Smith Lorraine, Bosnic-Anticevich Sinthia Z, Mitchell Bernadette, Saini Bandana, Krass Ines, Armour Carol
The University of Sydney, Sydney, NSW, Australia.
Soc Sci Med. 2007 Apr;64(7):1501-11. doi: 10.1016/j.socscimed.2006.11.006. Epub 2007 Jan 2.
Asthma affects a considerable proportion of the population worldwide and presents a significant health problem in Australia. Given its chronic nature, effective asthma self-management approaches are important. However, despite research and interventions targeting its treatment, the management of asthma remains problematic. This study aimed to develop, from a theoretical basis, an asthma self-management model and implement it in an Australian community pharmacy setting in metropolitan Sydney, using a controlled, parallel-groups repeated-measures design. Trained pharmacists delivered a structured, step-wise, patient-focused asthma self-management program to adult participants over a 9-month period focusing on identification of asthma problems, goal setting and strategy development. Data on process- clinical- and psychosocial-outcome measures were gathered. Results showed that participants set an average of four new goals and six repeated goals over the course of the intervention. Most common goal-related themes included asthma triggers, asthma control and medications.

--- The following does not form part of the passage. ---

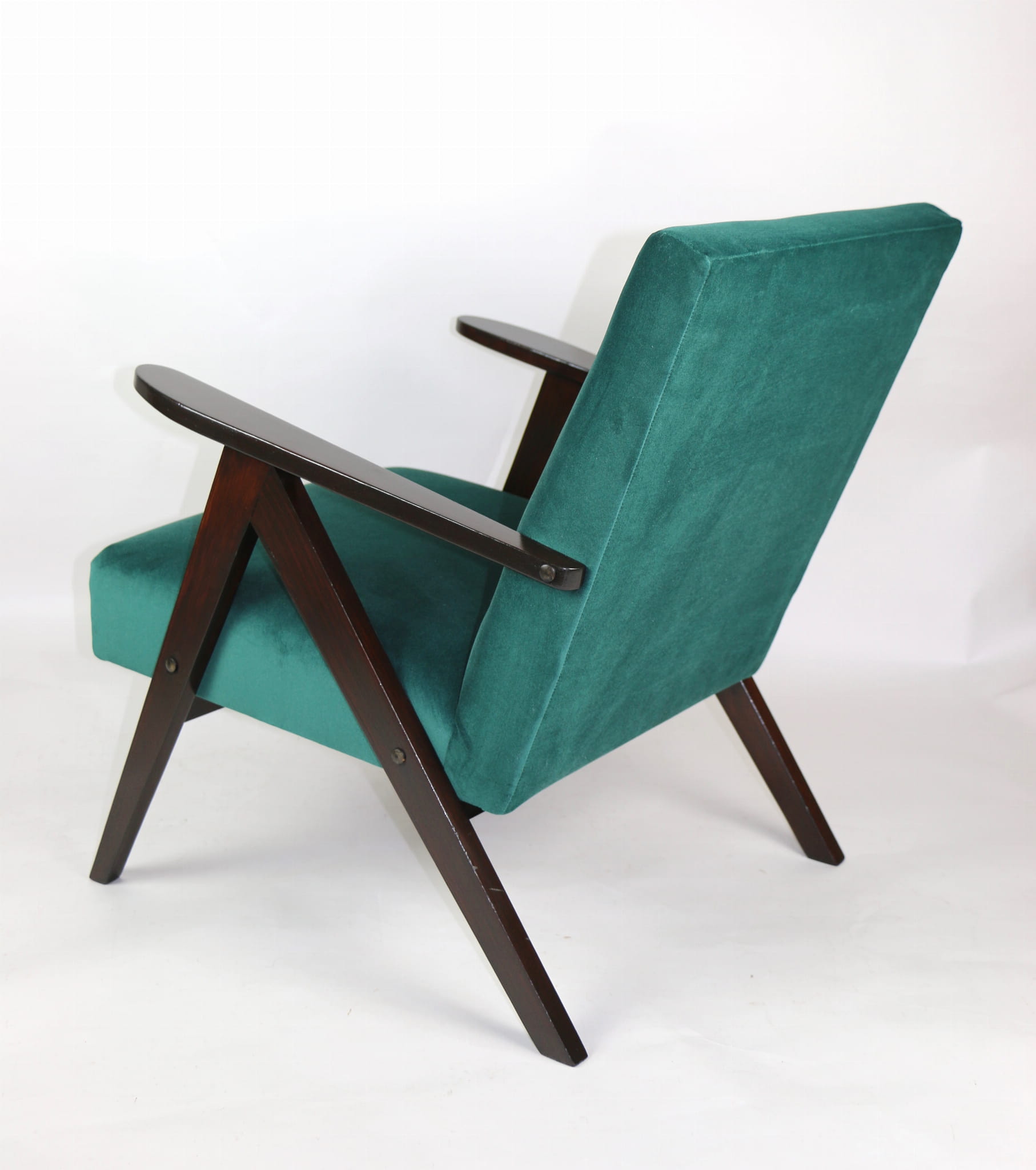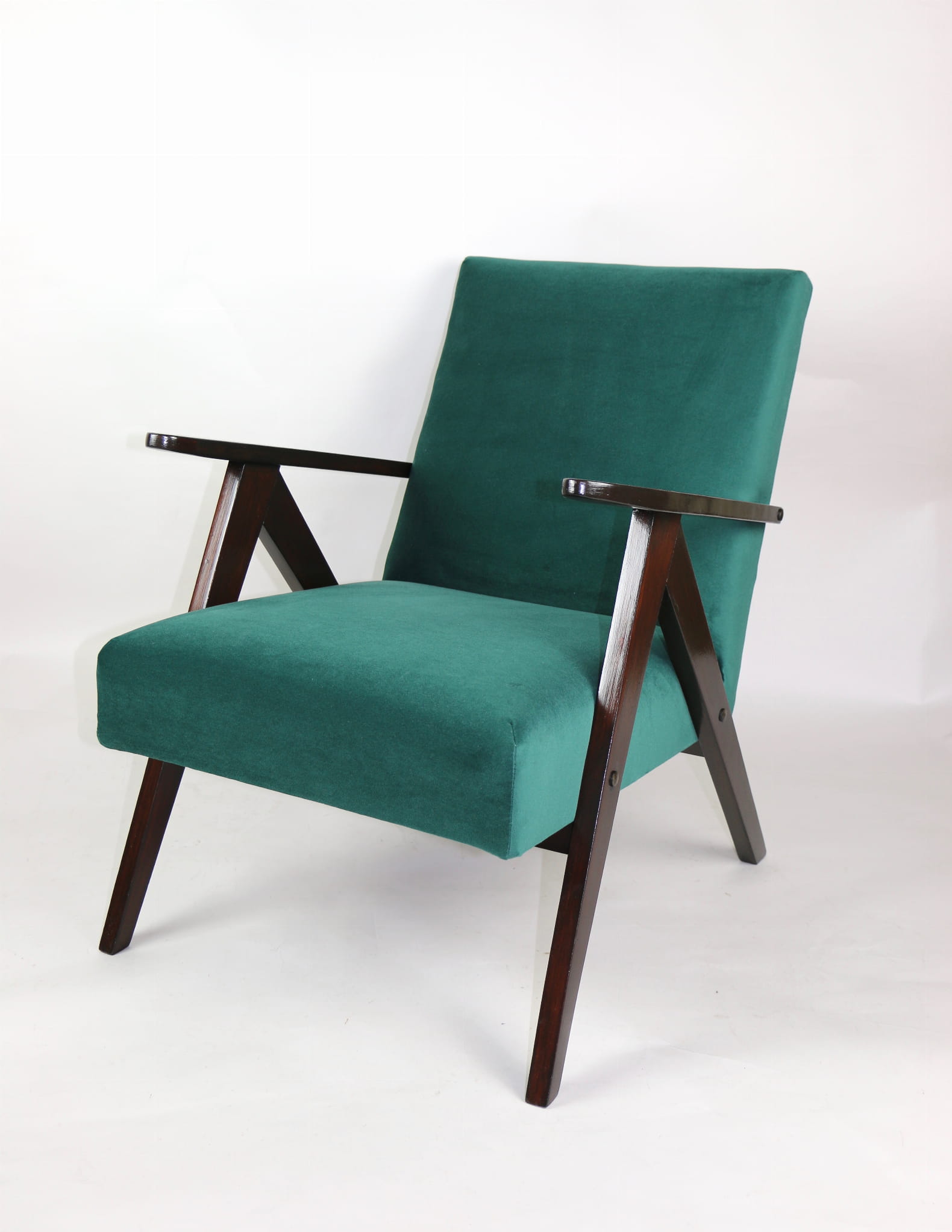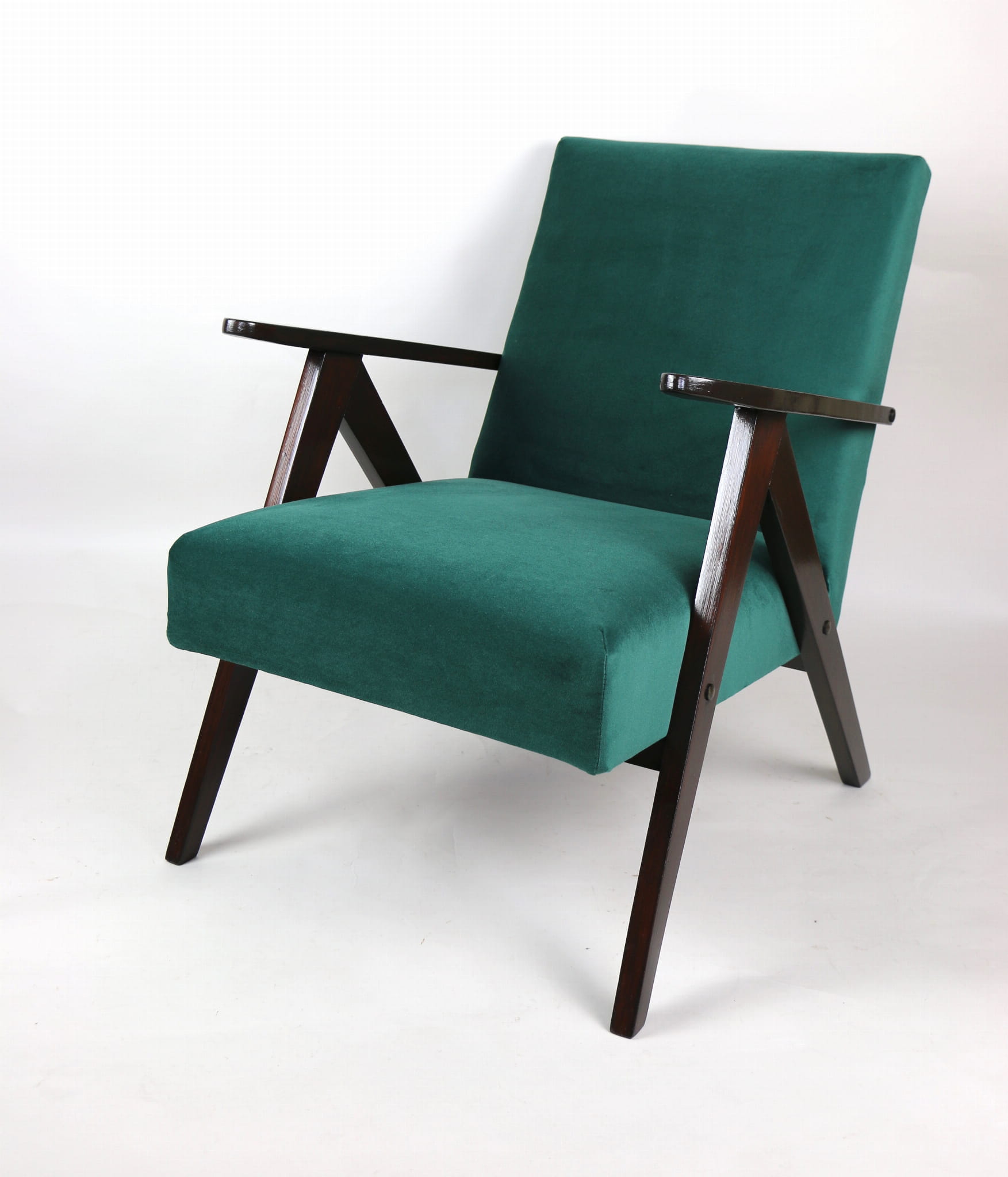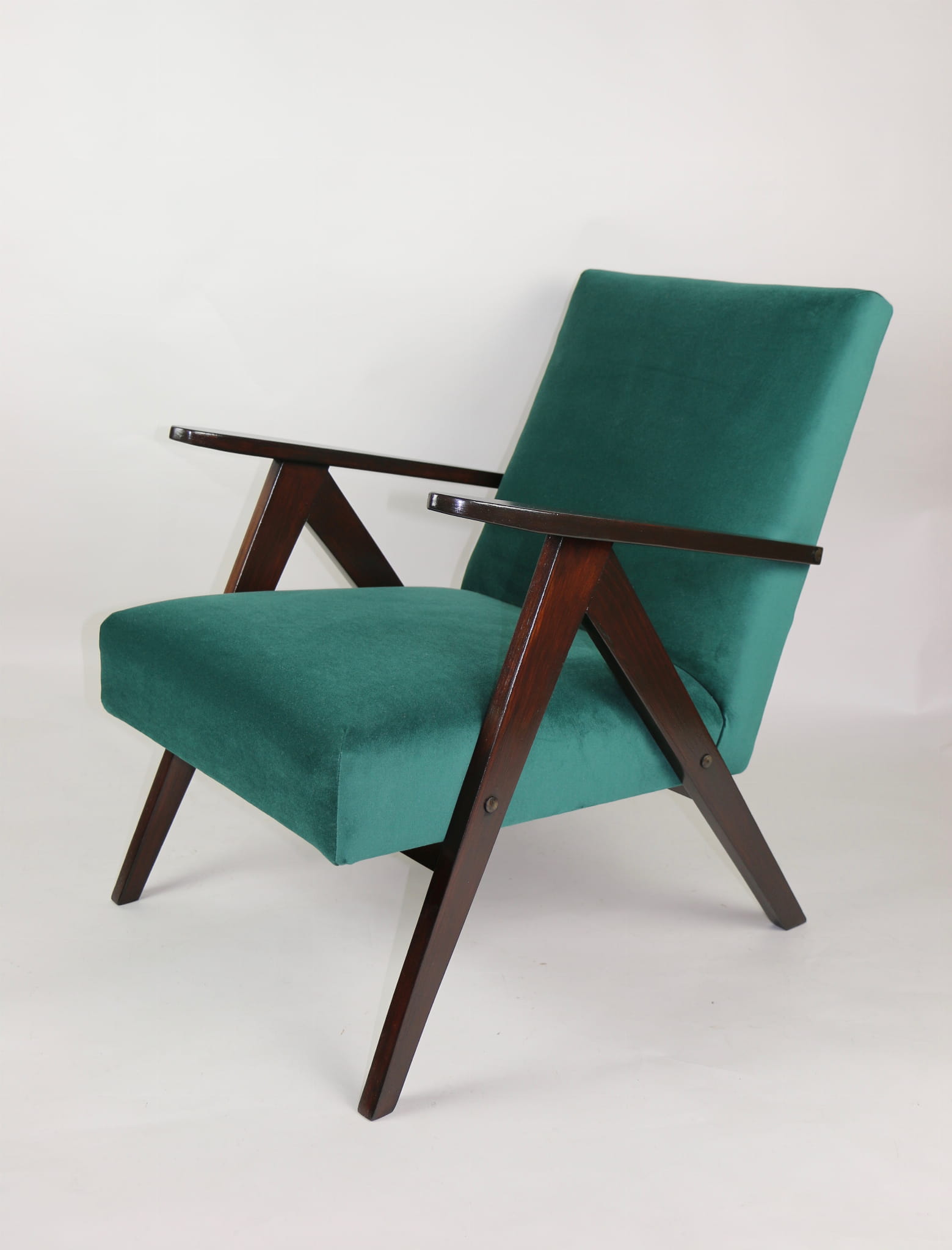 Fotel klasyczny Var B-310, lata 70. Odrestaurowany, nowe obicie pokryte aksamitnym materiałem w kolorze zielonym - materiał typu welwet - kolekcja Jade. Siedzisko bardzo wygodne, stelaż drewniany połączony z podłokietnikami w ciemnej kolorystyce drewna. Wymiary wysokość : 80 cm, szerokość : 60 cm, szerokość siedziska: 49 cm, głębokość siedziska: 49cm, głębokość mebla: 72 cm, wysokość siedziska: 40 cm, wysokość podłokietnika:57 cm
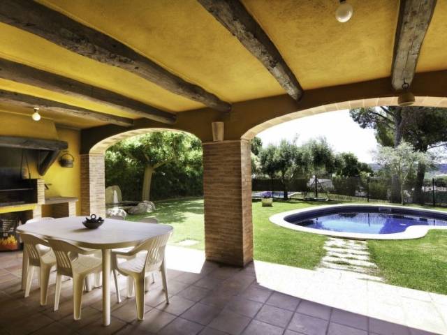 Mas Ambros a 2 km de Calonge: Casa "Alicia", de 2 plantas. Lugar soleado, zona con poco tráfico, a 5 km del mar. Privado: jardín natural (vallada), piscina en forma de riñon (8 x 4 m, 110 - 190 cm de profundidad, Disponible por temporada: 01.May. - 31.Oct.) con escalera interior. Aparcamiento (para 2 coches, cubierto). Tienda 2 m, supermercado, bar 1 m, playa de arena "Sant Antoni de Calonge" 5 km. Puerto deportivo 7 km, campo de golf (12 hoyos), centro ecuestre 7 km. Atracciones en los alrededores: Waterpark Aquadiver 7 km. A tener en cuenta: coche recomendable. El propietario no acepta grupos. El propietario no acepta grupos de adolescentes/jóvenes. Vecindario muy sensible a ruidos. Se ruega respetar la tranquilidad y normas de buen comportamiento.

An average of nine strategies per participant was developed to achieve the set goals. Common strategies involved visiting a medical practitioner for review of medications, improving adherence to medications and using medications before exercise. Clinical and psychosocial outcomes indicated significant improvements over time in asthma symptom control, asthma-related self-efficacy and quality of life, and negative affect. These results suggest that an asthma self-management model of illness behaviour has the potential to provide patients with a range of process skills for self-management, and deliver improvements in clinical and psychosocial indicators of asthma control. The results also indicate the capacity for the effective delivery of such an intervention by pharmacists in Australian community pharmacy settings.
哮喘影响着全球相当一部分人口,在澳大利亚也是一个重大的健康问题。鉴于其慢性本质,有效的哮喘自我管理方法很重要。然而,尽管针对其治疗进行了研究和干预,但哮喘的管理仍然存在问题。本研究旨在从理论基础出发,开发一种哮喘自我管理模型,并在悉尼大都市的澳大利亚社区药房环境中实施,采用对照、平行组重复测量设计。经过培训的药剂师在9个月的时间里为成年参与者提供了一个结构化、逐步、以患者为中心的哮喘自我管理项目,重点是识别哮喘问题、设定目标和制定策略。收集了关于过程、临床和心理社会结果指标的数据。结果显示,在干预过程中,参与者平均设定了4个新目标和6个重复目标。最常见的与目标相关的主题包括哮喘触发因素、哮喘控制和药物治疗。每位参与者平均制定了9种策略来实现设定的目标。常见策略包括拜访医生以审查药物、提高药物依从性以及在运动前使用药物。临床和心理社会结果表明,随着时间的推移,哮喘症状控制、哮喘相关自我效能感和生活质量以及负面影响都有显著改善。这些结果表明,一种疾病行为的哮喘自我管理模型有可能为患者提供一系列自我管理的过程技能,并改善哮喘控制的临床和心理社会指标。结果还表明药剂师在澳大利亚社区药房环境中有效实施这种干预的能力。